Although this cohort represents one of the largest collections of early-stage HGSC samples that have been characterised with WGS, this project has potential shortcomings. Our cohort is small, reflecting the rarity of this patient population, which limits our statistical power, in particular the ability to compare early-stage cases that relapsed to those that did not. In addition, the samples were identified retrospectively from pathology archives; thus, the extent of surgery was not defined, and chemotherapy regime given was at the discretion of the treating oncologists. The early-stage cohort was diagnosed more recently, on average, than the late stage, although this difference is unlikely to have influenced clinical management, and nearly 80% were alive 10 years following diagnosis, in keeping with data from randomised clinical trials (5). This strongly suggests that our cohort did not contain large numbers of understaged patients with occult stage III disease. The samples were all formalin-fixed, paraffin-embedded (FFPE) and analysed up to 15 years following diagnosis, and it was not possible to estimate absolute copy number, and hence CN signatures, on several of the samples. Our previously developed methods allow reliable analysis of genome-wide changes in fixed material (40), but demand strict quality control criteria to ensure robust copy number determination. Our estimation of the number of reads required (see Methods) was clearly insufficient in some cases, especially those with low tumour cellularity. If sWGS is to be developed for use in clinical trials, it will be imperative to establish robust criteria for sequencing depth, especially in low cellularity samples or small core biopsies. We also did not perform whole exome sequencing or deep WGS, so are unable to comment upon small variants (SNV, indel) beyond our targeted panel nor on larger scale rearrangements (12,41).

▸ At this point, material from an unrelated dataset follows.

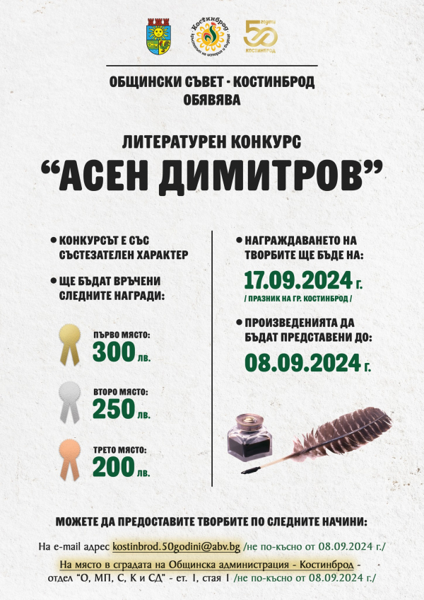 За седма поредна година, Общински съвет-Костинброд, обяви превърналия се в традиция за община Костинброд, литературен конкурс „Асен Димитров“, разпознаван досега като „Млад поет“. С всяка изминала година конкурсът се разширява и журито оценява все повече литературни произведения. До 2023 г. имаше ограничение във възрастта, за да бъдат стимулирани предимно младите поети на България, но през 2024 година, когато Костинброд навършва 50 години от обявяването си за град, Общинският съвет да разшири обхвата на конкурса. Наред с това, от 2024 г., конкурсът ще носи името на костинбродчанина Асен Димитров, и участие в него могат да вземат всички, пленени от силата и красотата на словото.

The critical outstanding question is whether the processes that generate high ploidy are the primary drivers of rapid dissemination in HGSC, or whether high ploidy/WGD are simply time-related markers of evolutionary fitness and are thus more likely to be observed in late-stage than early-stage disease. The absence of an age difference between our two cohorts may suggest that the genomic differences are not time-related, consistent with the finding that WGD is an early event in colorectal (35) and non-small cell lung carcinomas (36). In addition, there was close clustering of samples in patients with >1 sample, again suggesting that WGD does not appear as a late event. However, definitive assessments of true rates of WGD in early HGSC compared to advanced disease will require WGS analysis of prospectively collected samples and detailed comparison between fallopian tube primary site and multi-site examination of large cohorts of disseminated late-stage HGSC as well as in vitro models.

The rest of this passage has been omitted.